Para elas, uma boa administração dos recursos era vital. Por isso, Hani, considerada a primeira jornalista do Japão e fundadora da revista feminina mais antiga do país (A companheira da mulher), animou suas leitoras a seguir este caminho. Desta forma, em 1904 foi lançado o primeiro kakebo, e a repercussão foi tamanha que meras quatro décadas depois já contava com uma associação de usuários. Hoje, são publicados dezenas de kakebos diferentes no Japão e no resto do mundo.

"Devemos anotar diariamente, a mão, todos os gastos em suas correspondentes categorias"

No cantinho de pensar

Como todos esses milhões de novos e ávidos poupadores à japonesa, Karolina começa o ano, e também cada mês, anotando o dinheiro que tem disponível. Ela vê quanto quer (e pode) gastar e estabelece pequenas metas. Por exemplo: “Separar cem euros para as férias.” Como ressalta González, “a maior parte das pessoas simplesmente economiza o que sobra, mas é bem mais eficaz estabelecer uns objetivos claros, que incentivem e planifiquem as fianças para conseguir alcançá-los”.

Depois chega o momento da constância, esta complicada companheira de viagem. “Parece pior do que realmente é, pois no fundo eu emprego apenas um minuto das minhas tardes para anotar todos os gastos”, explica Karolina.

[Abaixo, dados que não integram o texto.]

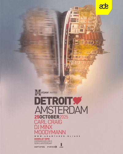 Expect nothing less than deep grooves, late-night heat, and the spirit of the Motor City pulsing through Amsterdam. This isn’t just a party — it’s a tribute to the birthplace of techno and a night you won’t want to miss.

O simples ato de sentar-se um momento frente ao kakebo pode ser vital para combater uma das dificuldades na hora de economizar, o que na economia é conhecido como o modelo do desconto hiperbólico: a recompensa futura tem menos valor para a pessoa do que a satisfação imediata.

Russell James, professor da Universidade do Texas (EUA) que pesquisa os métodos neurocognitivos aplicados à toma de decisões financeiras, fez uma experiência durante uma de suas palestras. Ele perguntou ao público o que gostariam de lanchar na semana seguinte: chocolate ou fruta. Mais de 70% das pessoas escolheu a opção saudável, mas na hora do intervalo praticamente a mesma cifra acabou beliscando um chocolate. A tentação é enorme. Porém, e segundo o mesmo pesquisador, parar, refletir e relembrar nossos objetivos futuros pode nos ajudar nesse transe. E isso pareceu funcionar para a Karolina. Ao se surpreender, vendo que a soma alcançada ao final do mês era bem superior à esperada, ela se animou a alterar seus hábitos: “Hoje compro menos cerveja e passei a tomar café da manhã em casa mais vezes.”

 

A pluma é poderosa

Anotando cada gasto a mão em seu kakebo, Karolina entende e retém a informação bem melhor do que se estivesse usando um app de contabilidade no computador. E isso é demonstrado na pesquisa dos psicólogos Pam Mueller e Daniel Oppenheimer, das universidades de Princeton e Califórnia, respectivamente, cujo título é bem claro: “A pluma é mais poderosa que o teclado. Como escrever sobre o papel dá mais trabalho, isso requer mais atenção, o que ajuda a reter melhor a informação. “Seja lá como for, eu sempre prefiro a cartilha, pois tenho pouco tempo e acho mais rápido que o celular. Além disso, evito que as crianças toquem nas teclas”, conta Karolina, dando uma risada.

Sem contar que “o kakebo é bonito”, explica a oftalmologista. Por isso, embora o livro não faça economia por si só, mas necessite do nosso esforço para que (nesta ordem) possamos avaliar como gastamos o dinheiro, definir objetivos, manter um segmento diário e, o mais importante, vencer a tentação, ele torna tudo mais agradável. Como a própria Karolina reconhece: “Da vontade de economizar”.